Yemekteyiz programından sonra bütün enerjisini saçmalıklar üzerinde yoğunlaştırmış katıldığı MasteChef’te bunları açık bir şekilde sergilemekten hiç ama hiç çekinmiyordu.Durmak bilmeyen saçmalıklarının başlarda bu derece ilerleyeceği
kestirilemiyordu.Kısa bir süre sonra belli bir kısmın merakını çekmeyi başarmış olacak ki bu kişi yeni bir televizyon programında yeniden karşımıza çıkmayı başardı.MasterChef yarışması formatı gereği saçmalıklara kapısı ne kadar açık olsa da Murat bu formatın dahi kabul edemeyeceği saçma sapan ve dur durak bilmeyen konuşmalarına bir türlü son vermeyince 22. bölümde yarışmadan kovuldu.Cheflerin çocuk bakıcısına döndüğü yarışmada artık kimsenin ona tahammülü kalmamıştı.
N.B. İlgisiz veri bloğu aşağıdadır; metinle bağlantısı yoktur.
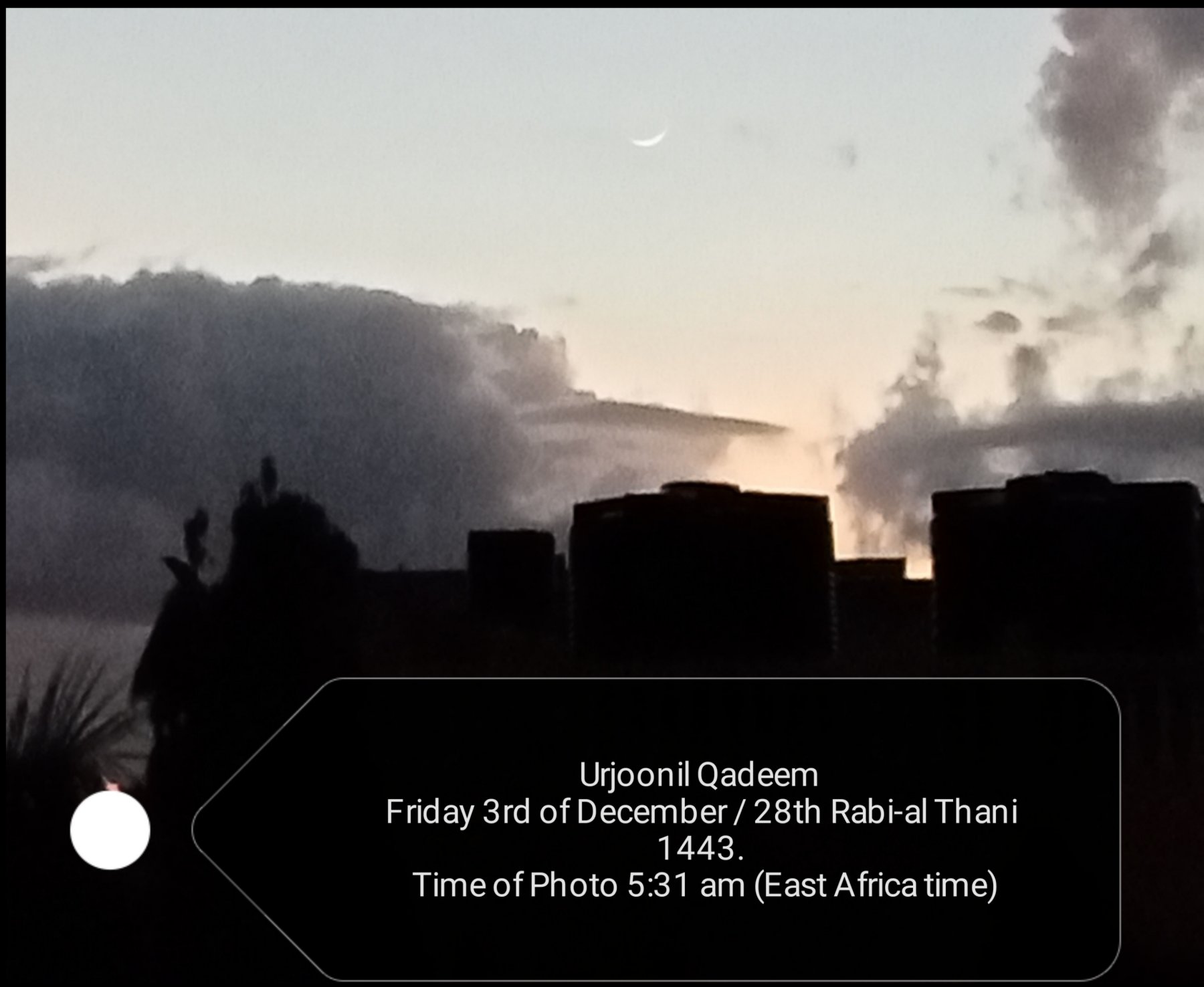 Above is the old Crescent Moon of Rabi-at-Thani 1443 AH, seen on December 3, 2021. MCW Member Muhammad Abubakar Said from Mombasa, Kenya. The weather was cloudy and it was raining at around 4:40 am East African time (the weather forecast was "Intermittent clouds" ). When the clouds moved on, the crescent was easily visible with the naked eye. Photo was taken at 5:31 am.

Saygısızlığı şirinlikmiş gibi gösterme çabaları artık büyükleri tarafından defalarca azarlanarak sonlanmış, geç de olsa haketmediği şöhretten onu mahrum bırakmıştı.
Peki asıl soru neydi?
Gerçekten akıl sağlığı yerinde miydi?
Kendi yarattığı tiyatroyu mu oynuyordu?Yoksa göstermeye çalıştığı gibi sınır tanımayan bir çılgın mıydı?Her şeyi yapabilir miydi?Zaten yapmaması için bir neden var mıydı?”Şöhretin veya reklamın iyisi kötüsü yoktur” denilmiyor muydu?Amacına adım adım yaklaşan Murat Özdemir
için bu kadarı yeterli miydi peki?Tabiki hayır…İnsanoğlunun içindeki doyumsuzluk arzusu beslendikçe daha fazlasını istemeye başlamış ve düşünmüştü.
Nasıl daha ileri giderim?
Bir canlıya zarar vermeyi isteyip de kim apaçık bunu gözler önünde hiç çekinmeden yayınlayabilirdi? Cevap:Tabiki kendisiydi.
Sonuçta canlı kaplumbağalardan anahtarlık yapıp satan,köpek eti
festivalinde ete doymayan, boğaların sırtlarına kılıçlar saplayan,kedileri topuklu ayakkabılarıyla ezen fenomenler yok muydu?
Tüm bunlar Dünya çapında tanınmıyor ve varlıklarını sürdürmüyor muydu?
Cevap:Tabiki sürdürüyordu.
O anahtarlıkları satın alanlar, boğa güreşlerine
sırf izlemek için ülkeler aşarak gidenler,kedi sevmeyen insanımsılar…İşte dahası vardı.Peki o neden yaptı çünkü egosunu ve popülerliğini
savunmasız hayvanlara zarar vererek arttırmak isteyecek kadar acizdi.Yok olmaya yüz tutmuş duyguların yarattığı bir caniydi.
Ya da en iyi ihtimalle bir akıl hastasıydı.
Onun da izleyeni çoğalacak ve sonuç kötü olsa dahi bu alzheimer olmuş millet bir gün bunu da unutup ona yeni bir dizi,
film senaryosu yahut yine bir yarışmada kucak açacaktı.Çoğu zaman böyle olmuştu.
O ahlak yoksunu bugün sosyal medya hesabından boğazını sıkarak hayvancağıza işkence etti ve yayınladı.Yoğun şikayet edilen bu kişi video paylaşımından kısa bir süre sonra gözaltına alındı.
Üzülerek acı bir kaybımızı bu şekilde paylaşıyorum.Bu fotoğrafta görmüş olduğunuz; Ölmüş insanlığın elindeki gücü kullanma tercihidir.